The implementation of urban farming is, however, facing multiple challenges, the most critical of which may be land scarcity/high value of land in cities. However, land for urban farming could be provided in the same way as parking spaces are being provided; by reserving a certain percentage of a building plot for “food space”.
This is not the only challenge, though. Other challenges include contaminated soil, lack of sunlight due to cramped conditions, water scarcity and low quality of water. Solutions to these challenges can be devised where needed.
Furthermore, urban farming may be instrumental in promoting the recycling of both non-organic material, like plastic containers and construction elements, and organic material, like kitchen garbage, which may be composted and used for fertilisation. Other means of organic fertilisation include plant extracts, composted excrement from animals like chickens and cows (manure) and, perhaps more controversially, composted excrement from humans (humanure).
In areas without toilet facilities, human excrement is a source of environmental pollution and diseases; this is especially a problem in dense urban areas. However, this excrement can be recycled through composting toilets, which do not require expensive sewer systems; this might very well prove to be a viable solution for slum areas.
If composting toilets were to be installed in slum areas it would not only improve sanitation in these areas but would also be a way of providing fertilisation. And if land were then to be allocated for farming, through which the primary skills of many slum dwellers, i.e. their knowledge and experience of farming, are put into use, this would come to represent a holistic and ecologically sustainable solution. And perhaps it could even serve as a model for the rest of the city?

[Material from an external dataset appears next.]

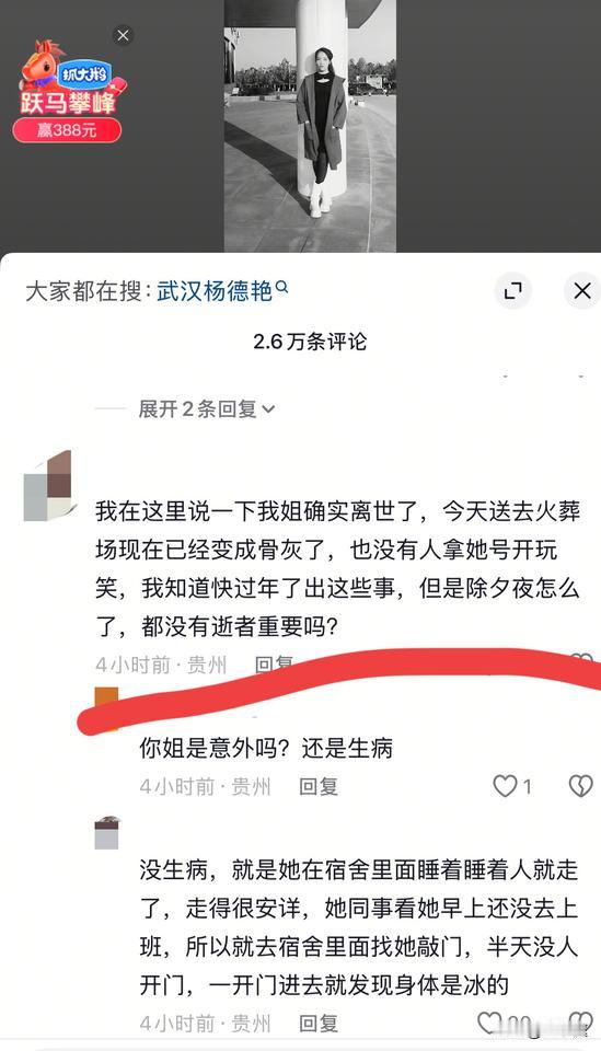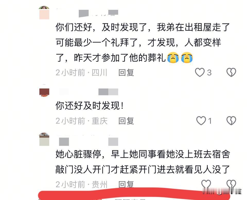 这位28岁的美女保安,2月2日还在发视频,可如今已变成一盆小小的骨灰!她在睡梦中离世,连一句话都没有机会留给亲人,就匆匆离开了! 根据其亲人公布的信息,她是贵州人,名叫阿艳,在武汉武昌区的一家公司工作。 她是一名女保安,平时的工作需要和同事们轮流上晚班。 悲剧是2月9日发生的,当天一早,她迟迟没有起来和夜班的同事交班,一个同事便心生疑惑去宿舍找她。 推门进去一看,才知道她身体都已经凉了…… 阿艳的妹妹表示:在此之前,姐姐并没有生病。因为当天晚上,姐姐还和她的丈夫视频了,那时候两个人有说有笑,姐姐的状态也非常好。 没想到,这事过去仅仅几个小时,家里人便接到了她人已经不在的消息。 今天是大年二十五,阿艳的遗体已经在武昌区火化了。现如今,她的丈夫和父亲已经将她的骨灰带往贵州。明明再过两天时间就是春节长假了,原本这么好的日子里,她是该打扮的漂漂亮亮回到老家去和亲人一起团聚的。可如今,她再也没有机会了…… 生命有时候真的太脆弱了,我们能做的只有珍惜每一天! 希望大家在平日里,一定要多加注意身体,尽量不要熬夜。一旦身体不适,记得及时就医。 这个年仅28岁的女子,真的让人莫名心疼,她社交账号里的那一句个性签名竟一语成谶了![祈祷][祈祷][祈祷]

Paradoxically, the solution to many of the problems related to the rapid and pervasive expansion of cities, including the fact that the producers of food are being pushed further and further away from the consumers, accordingly increasing the costs of transportation and storage, may be the integration of natural landscapes and processes, ecosystems and ecological agriculture in these cities. This could also come to compensate for the widespread deforestation and massive loss of biodiversity caused not only by expanding cities but also by the application of increasingly mono-cultural and chemical-intensive methods in industrial farming.
We believe that this would not only make cities more liveable, but would also make them powerful allies in the fight against poverty and hunger, climate change, pollution and resource depletion.